National Security Strategy: For India's Internal Stability & Peaceful Periphery

An NSS usually provides the means of messaging the country's red lines to its adversaries.

7 min read

According to reports, the National Security Council Secretariat has once again begun work on a National Security Strategy for India.

India is one of the few major countries that has no published NSS. China makes do with the periodic issuance of White Papers on Defence, the last of which was in July 2019. Japan’s NSS was issued in 2022, the first since 2013 and the second ever.

Just last month, the former National Security Adviser Shivshankar Menon revealed at a book release function that there have been at last three drafts of the NSS at various points of time, but all have failed to get the approval from the government.

Just why they did not meet government approval is not known, but perhaps, Menon speculated, the governments chose not to approve any of them because that would have also meant that they would have to find the resources to back up the strategy.

At the same function, former Foreign Secretary Shyam Saran, who was probably involved in the production of at least one of the drafts, wondered whether it was because governments wanted to keep all options open, which in practice often meant adopting none of the options.


In 2018, the task of working on a NSS was given to the newly formed Defence Planning Committee (DPC) chaired by the National Security Adviser Ajit Doval. This DPC comprised of the Chairman Chiefs of Staff Committee (now the Chief of Defence Staff), the three Service Chiefs, the Defence Secretary, the Foreign Secretary and the Secretary (Expenditure) in the Ministry of Finance.

According to a notification by the Ministry of Defence, the DPC “would prepare drafts of (a) national security strategy, strategic defence review and doctrines (b) international defence engagement strategy, c)roadmap to build defence manufacturing eco-system d) strategy to boost defence exports and (e) prioritized capability development plans for the armed forces….”

Little has been heard about the work of the DPC because the very next year, the government appointed General Bipin Rawat as Chief of Defence Staff and Secretary to the Department of Military Affairs in the Ministry of Defence. It Is not clear whether the current effort comes through the DPC or through the traditional route of the NSCS.

Both are, of course, headed by NSA Ajit Doval.

Why We Need an NSS

Though it is called a subcontinent, India is really a continent with more than a two dozen states, many of them the size of a European country.
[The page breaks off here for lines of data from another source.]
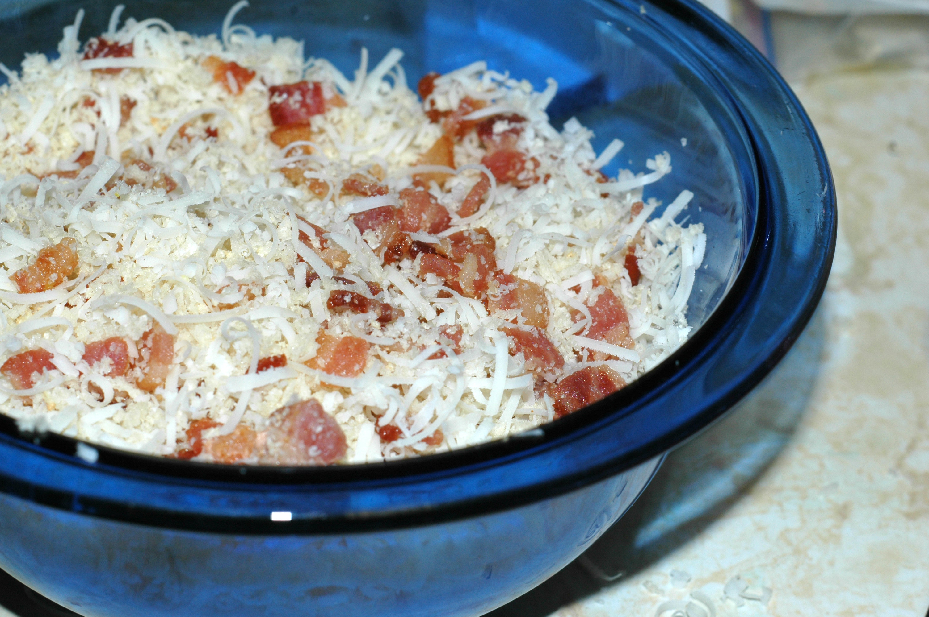 While all of this is going on mix all of the ingredients for the topping together in a bowl. Mmmmmmmm…Bacon.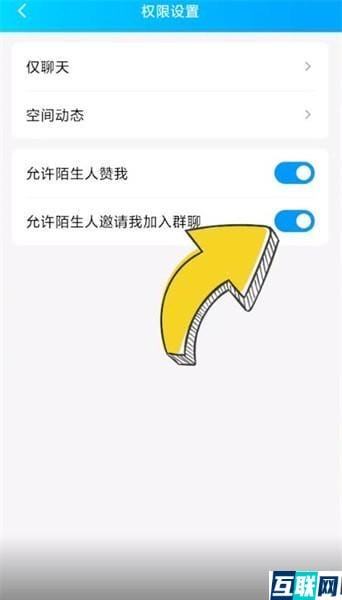 3. 点击【权限设置】,滑动按钮关闭【允许陌生人邀请我加入群聊】就可以了。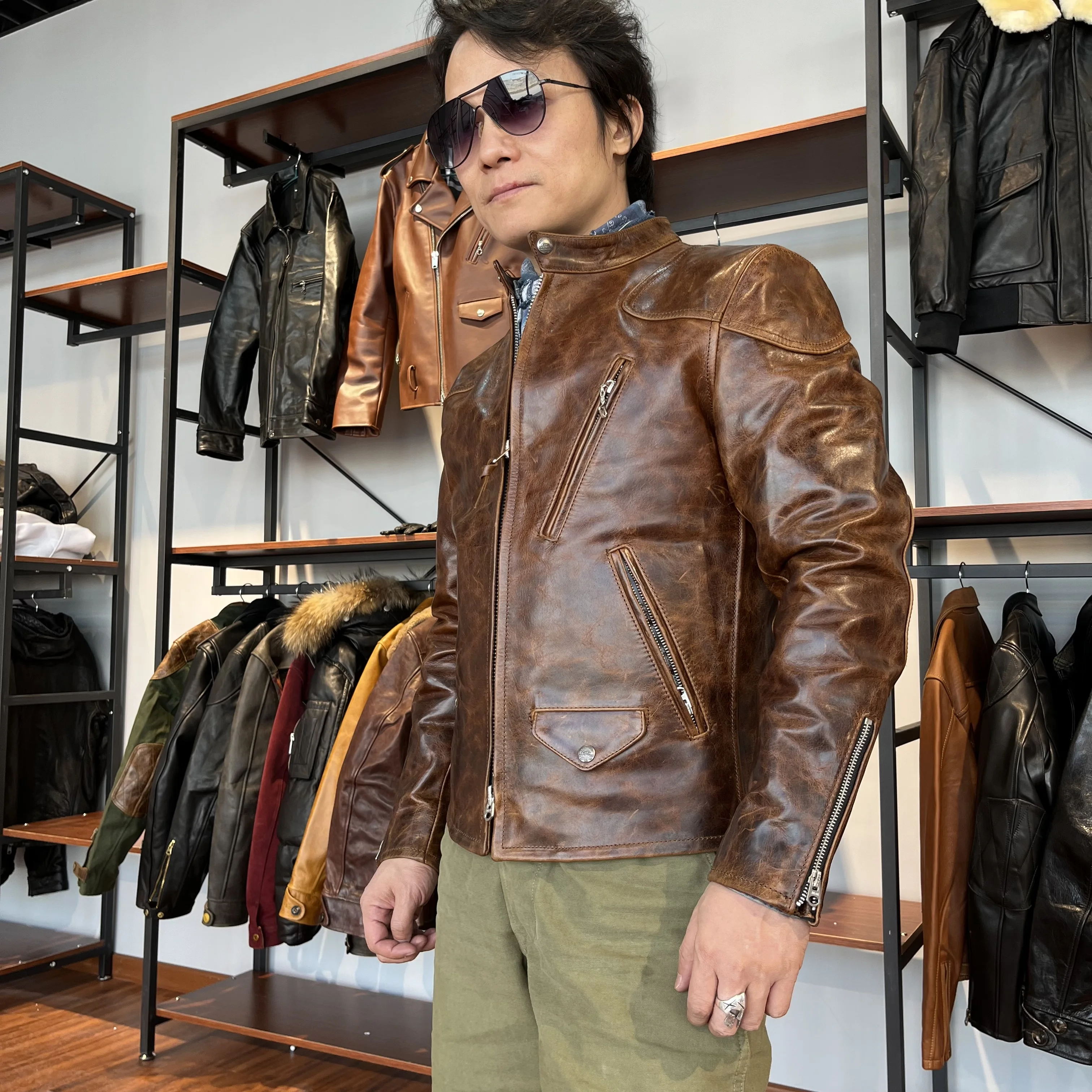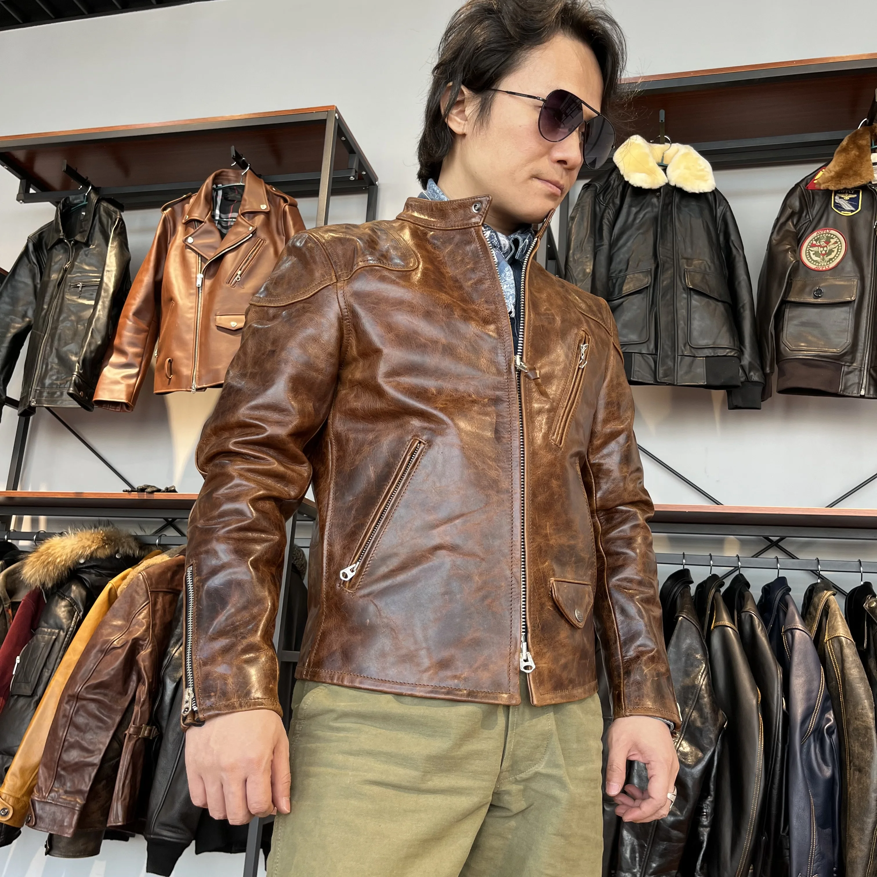 Стандартный размер, супер высокое качество, тяжелая натуральная итальянская коровья кожа, тонкая Классическая воловья кожа, стильная куртка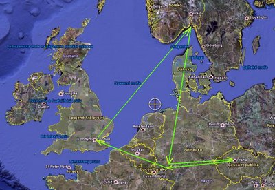 V neděli jsme se s hostelem definitivně rozloučili. Bohužel naše "snídaňárně" byla zavřená, tak jsme šli jet rovnou autem nakupovat. Nákup levného oblečení vyhrál před potravinami. Každý koupil něco teplého na sebe (přeci jen nás čekala za pár hodin cesta na sever) a mezitím nám vyhládlo. Došli jsme tedy do Tesca pro jídlo na celý den a vydali jsme se k observatoři v Greenwich parku. Péťa zadal v navigaci Greenwich road a tak jsme jeli. Já řídil druhé auto. Měli jsme jet asi 3km, ale když jsme míjeli budovu parlamentu a za chvilku se otáčeli u Hyde parku, tušili jsme, že něco je špatně. Na jedné z mnoha křižovatek jsem ztratil Péťu a tak jsme se vydali ke Greenwich parku. Franta prokázal své zkušenosti s navigováním a nebýt zacpaných silnic, tak jsme u parku během pár minut. Prohlídli jsme observatoř, dali foto s nultým poledníkem, poté přijelo naše "první" auto, které dalo zkrácenou prohlídku. Z Greenwich jsme vyrazili do Cambridge. Ujeli jsme asi 10km a GPSka říkala že jsme na místě (byli jsme v Londýnské čtvrti Cambridge). Pěkné místo, to jo, ale Londýnské metro nás poněkud překvapilo. V rámci hledání záchodů jsme koukli na kousek kriketového utkaní a pokračovali tentokrát do univerzitního města Cambridge. Starobylé město, nacpané univerzitami všech vědních oborů. Procházka, focení a na konec zakončení v jedné ze studentských hospůdek. Dali jsme něco k pití a vydali se na letiště Stansted. Tam Franta s Petrem vrátili auta bez problému (i když to naše bylo nepěkně potřísněno holubím trusem) a všichni jsme se vydali zabrat klidné místo ke spánku někde v koutě letištního terminálu. Pondělí, půl páté ráno budíček. Vyčisti zuby, uklidit po sobě a hurá k bezpečnostní kontrole. Poté nás vláček odvezl ke Gate. Letadlo mělo trochu zpoždění, tak jsme všichni usnuli ještě na zemi. Zdálo se to jako chvíle, ale venku už bylo pěkně teplo a my přistávali na letišti Oslo Torp v Norsku. První let za námi a do druhého nám chybělo asi 7 hodin. Neváhali jsme, sedli jsme na vlak a jeli do přímořského města Sandefjord. Dali jsme procházku a piknik u moře. Cestou zpět jsme ve vlaku "utíkali" před průvodčím, ale těsně před výstupem nás dostihl. Franta vytáhl platební kartu, kterou naštěstí terminál ve vlaku nepřijímal a tak nám paní průvodčí poměrně drahé jízdné odpustila. Opět krátké odbavení a už si to letíme do Německa na letiště Frankfurt Hahn. Máme asi hodinu do posledního (TŘETÍHO) letu, na chvilku vylézáme na vzduch, dojídáme poslední zbytky jídla, jdeme se naložit do letadla a už míříme domů do Prahy.

Yet, this country, with the fifth-largest economy and the third-largest military spending in the world, is unusually coy about laying out its national security perspective. This is all the more so because it has disputed boundaries with its western and northern neighbours and has in the past been racked by internal insurgency, terrorism and separatism.

A National Security Strategy (NSS) must stem from the country’s vision as a nation. As far as India is concerned, its vision for this period is given by its circumstances as a large and very poor country. So, the economic transformation of this country and removing the burden of poverty from hundreds of millions of its citizens has to be the primary goal of the nation.

Naturally, then, the aim of the NSS must be to enable conditions for India to meet its primary aim, which is of ensuring a peaceful periphery and internal stability.

It is at this point that the problems occur.

Depending on where you stand, you would have many views as to what is needed to secure peace in our neighbourhood. If we could identify problem areas, we would still have differences over assigning priority. Someone in Manipur may say Myanmar is a bigger problem, than a person sitting in Jodhpur who is worried about Pakistan.


3 Purposes of an NSS

In essence there are three purposes that a national security strategy must serve:

First, to bring all of the government – which includes states and the Union-- onto the same page with respect to:

a) the national aims

b) the priority assigned to dealing with them

c) identifying and allocating resources for the purpose

d) assigning the responsibilities for the execution of various elements of the NSS.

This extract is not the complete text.